◆ ASSIGNMENT: Beginning at the line that contains "Москва. 6 декабря.", reproduce the entries below exactly, ending with the line that contains "Granlusso Portofino 2". Omit each picture.

◆ RECORDS FOR THE TASK:
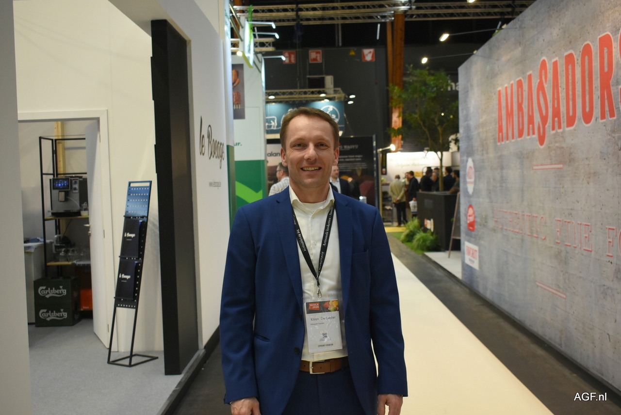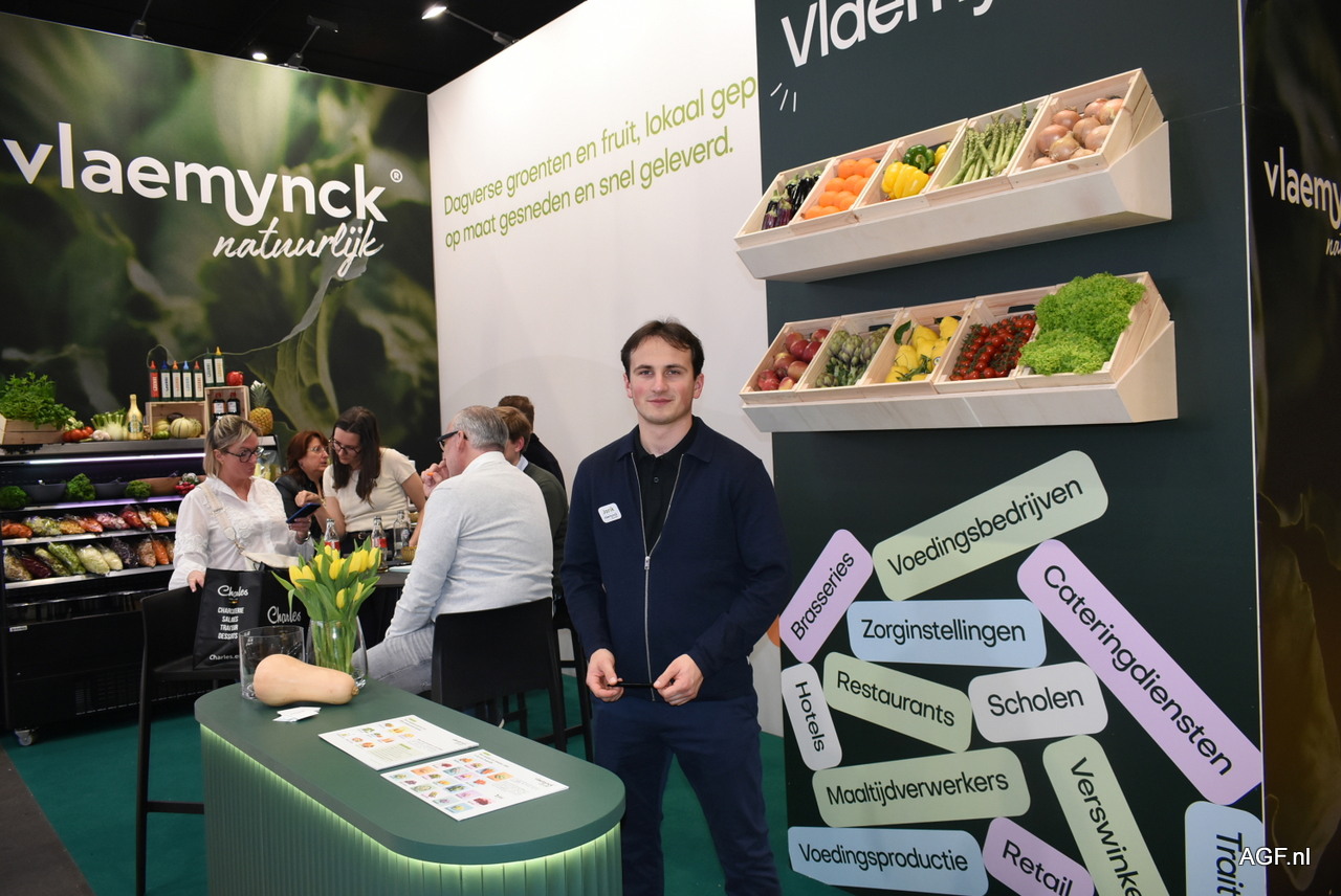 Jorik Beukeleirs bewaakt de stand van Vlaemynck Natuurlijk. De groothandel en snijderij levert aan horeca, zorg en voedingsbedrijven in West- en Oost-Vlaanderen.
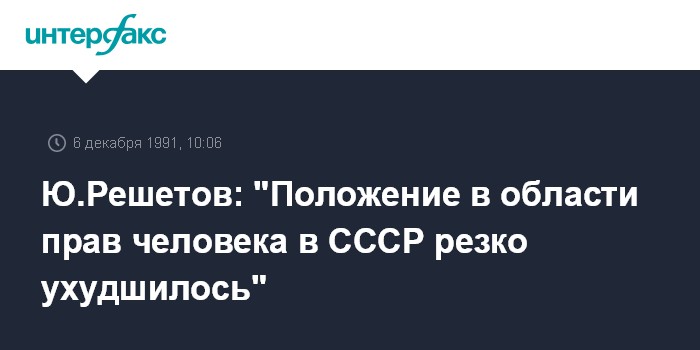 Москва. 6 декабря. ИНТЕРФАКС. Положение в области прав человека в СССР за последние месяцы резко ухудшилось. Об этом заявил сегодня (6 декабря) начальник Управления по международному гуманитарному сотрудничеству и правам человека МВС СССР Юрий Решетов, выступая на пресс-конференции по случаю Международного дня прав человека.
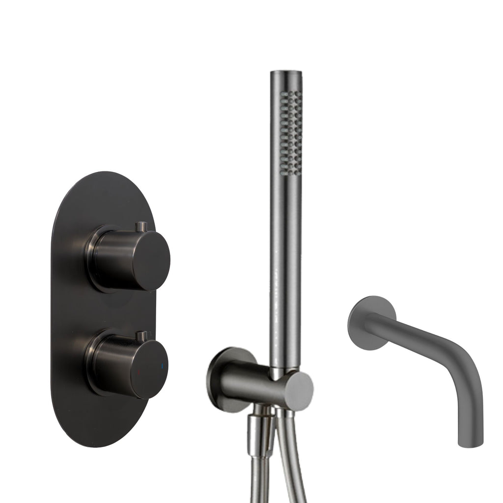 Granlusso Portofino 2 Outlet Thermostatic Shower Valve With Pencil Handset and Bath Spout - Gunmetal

==

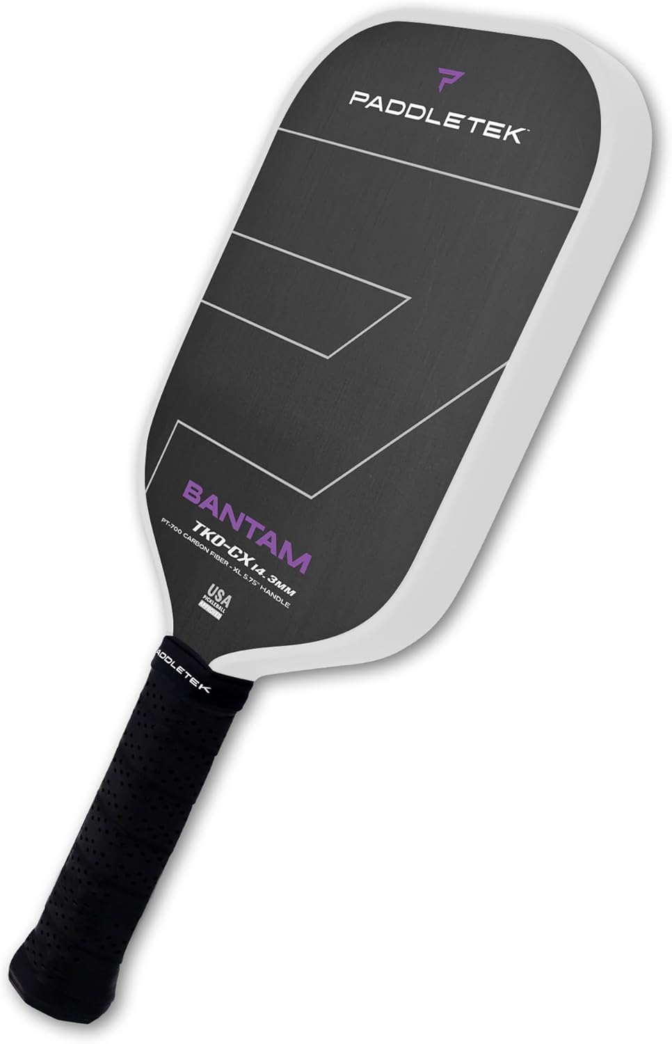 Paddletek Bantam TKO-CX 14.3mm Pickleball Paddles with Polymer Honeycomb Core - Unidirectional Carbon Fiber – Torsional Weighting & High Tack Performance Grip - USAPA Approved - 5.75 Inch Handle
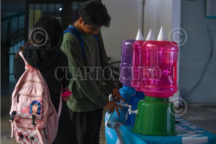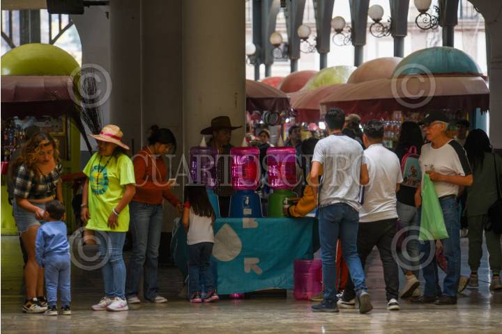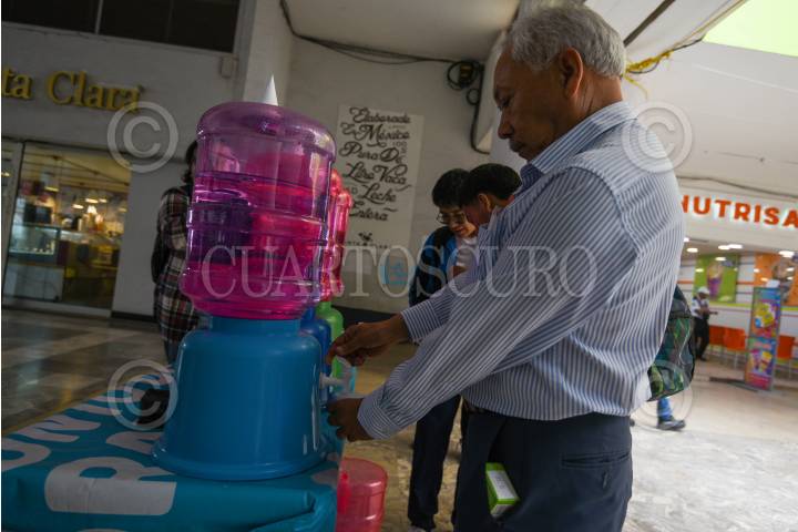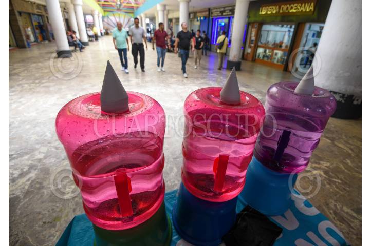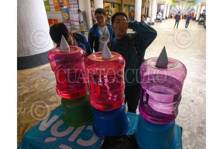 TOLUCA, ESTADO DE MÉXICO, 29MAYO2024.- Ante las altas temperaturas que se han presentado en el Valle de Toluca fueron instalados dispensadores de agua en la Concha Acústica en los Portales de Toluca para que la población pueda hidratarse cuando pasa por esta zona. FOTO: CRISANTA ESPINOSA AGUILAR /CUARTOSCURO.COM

◆ SOLVED EXERCISE:
 Москва. 6 декабря. ИНТЕРФАКС. Положение в области прав человека в СССР за последние месяцы резко ухудшилось. Об этом заявил сегодня (6 декабря) начальник Управления по международному гуманитарному сотрудничеству и правам человека МВС СССР Юрий Решетов, выступая на пресс-конференции по случаю Международного дня прав человека.
 Granlusso Portofino 2 Outlet Thermostatic Shower Valve With Pencil Handset and Bath Spout - Gunmetal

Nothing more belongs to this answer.